Secret stored in plaintext by Parameterized Remote Trigger Plugin (CVE-2020-2239).
Parameterized Remote Trigger Plugin 3.1.3 and earlier store a secret in plaintext.
CSRF vulnerability in database Plugin (CVE-2020-2240)
database Plugin 1.6 and earlier do not require POST requests for the database console, resulting in a cross-site request forgery (CSRF) vulnerability. This vulnerability allows attackers to execute arbitrary SQL scripts.
CSRF vulnerability and missing permission checks in database Plugin (CVE-2020-2241 (CSRF), CVE-2020-2242 (permission check)).
database Plugin 1.6 and earlier do not perform a permission check in a method implementing form validation. This allows attackers with Overall/Read access to Jenkins to connect to an attacker-specified database server using attacker-specified username and password. Additionally, this form validation method does not require POST requests, resulting in a cross-site request forgery (CSRF) vulnerability.
database Plugin 1.7 requires POST requests and Overall/Read permission for the affected form validation method.
Stored XSS vulnerability in Cadence vManager Plugin (CVE-2020-2243)
Cadence vManager Plugin 3.0.4 and earlier do not escape build descriptions in tooltips. This results in a stored cross-site scripting (XSS) vulnerability exploitable by attackers with Run/Update permission.
Cadence vManager Plugin 3.0.5 removes affected tooltips.
XSS vulnerability in Build Failure Analyzer Plugin (CVE-2020-2244)
Build Failure Analyzer Plugin 1.27.0 and earlier do not escape matching text in a form validation response. This results in a cross-site scripting (XSS) vulnerability exploitable by attackers able to provide console output for builds used to test build log indications.
Build Failure Analyzer Plugin 1.27.1 escapes matching text in the affected form validation response.
XXE vulnerability in Valgrind Plugin (CVE-2020-2245)
Valgrind Plugin 0.28 and earlier do not configure the XML parser to prevent XML external entity (XXE) attacks. This allows a user able to control the input files for the Valgrind Plugin parser to have Jenkins parse a crafted file that uses external entities for extraction of secrets from the Jenkins controller or server-side request forgery.
As of publication of this advisory, there is no fix.
XSS vulnerability in Valgrind Plugin (CVE-2020-2246)
Valgrind Plugin 0.28 and earlier do not escape content in Valgrind XML reports. This results in a stored cross-site scripting (XSS) vulnerability exploitable by attackers able to control Valgrind XML report contents.
As of publication of this advisory, there is no fix.
XXE vulnerability in Klocwork Analysis Plugin (CVE-2020-2247)
Klocwork Analysis Plugin 2020.2.1 and earlier do not configure the XML parser to prevent XML external entity (XXE) attacks. This allows a user able to control the input files for the Klocwork plugin parser to have Jenkins parse a crafted file that uses external entities for extraction of secrets from the Jenkins controller or server-side request forgery.
As of publication of this advisory, there is no fix.
Reflected XSS vulnerability in JSGames Plugin (CVE-2020-2248)
JSGames Plugin 0.2 and earlier evaluate part of a URL as code. This results in a reflected cross-site scripting (XSS) vulnerability.
As of publication of this advisory, there is no fix.

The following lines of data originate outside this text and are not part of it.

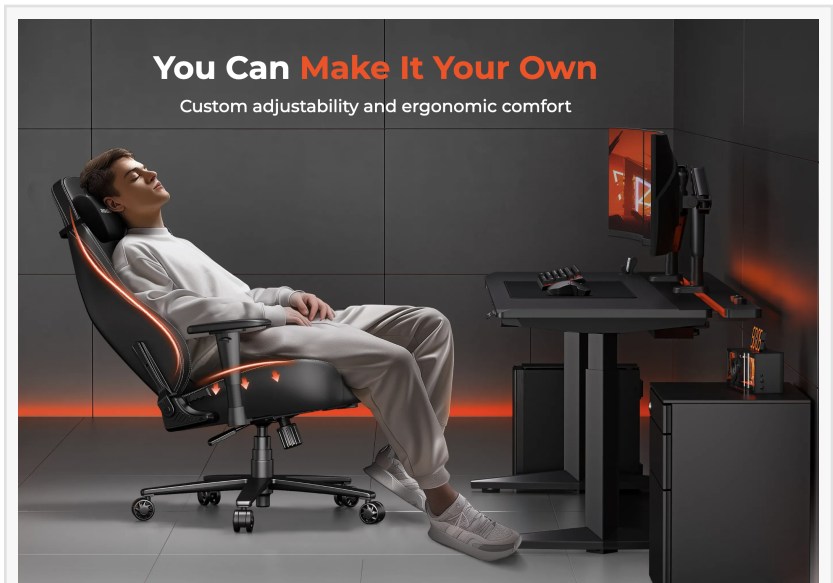
Novis Series AndaSeat 2025

This strategic expansion into the entry-level market raises questions about AndaSeat's long-term vision and its evolving position within the gaming furniture industry. While the company has not signaled any intention to abandon its established presence in the mid-range and premium segments, the launch of the Novis Series suggests a broader ambition to become a more comprehensive player across the entire gaming chair market.
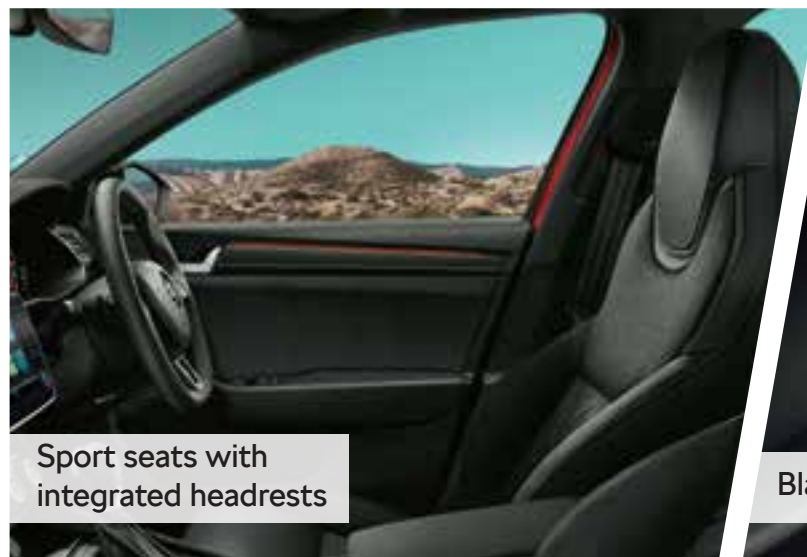
Sport seats with integrated headrests
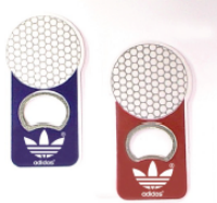
Golf Ball Magnetic Bottle Opener; min qty 175, $300

*NEW* - We're RAISING THE BAR on our goody bags to give our golfers what they really want - fun, usable golf items! AND we'll help you get your logo on it. Items with "X" have already been claimed. Prices include all fees/shipping/taxes:

Credentials stored in plaintext by Team Foundation Server Plugin (CVE-2020-2249)
Team Foundation Server Plugin 5.157.1 and earlier store a webhook secret unencrypted in the global configuration file hudson.plugins.tfs.TeamPluginGlobalConfig.xml on the Jenkins controller as part of the configuration. This secret can be viewed by attackers with access to the Jenkins controller file system.
Passwords stored in plaintext by SoapUI Pro Functional Testing Plugin (CVE-2020-2250)
SoapUI Pro Functional Testing Plugin 1.3 and earlier store project passwords unencrypted in job config.xml files as part of the configuration. These project passwords can be viewed by attackers with Extended Read permission or access to the Jenkins controller file system. SoapUI Pro Functional Testing Plugin 1.4 stores project passwords encrypted once affected job configurations are saved again.
Passwords transmitted in plaintext by SoapUI Pro Functional Testing Plugin (CVE-2020-2251)
SoapUI Pro Functional Testing Plugin stores project passwords in job config.xml files on the Jenkins controller as part of the configuration.
While these passwords are stored encrypted on disk since SoapUI Pro Functional Testing Plugin 1.4, they are transmitted in plaintext as part of the global configuration form by SoapUI Pro Functional Testing Plugin 1.5 and earlier. These passwords can be viewed by attackers with Extended Read permission.
This only affects Jenkins earlier than 2.236, including 2.235.x LTS, as Jenkins 2.236 introduces a security hardening that transparently encrypts and decrypts data used for a Jenkins password form field.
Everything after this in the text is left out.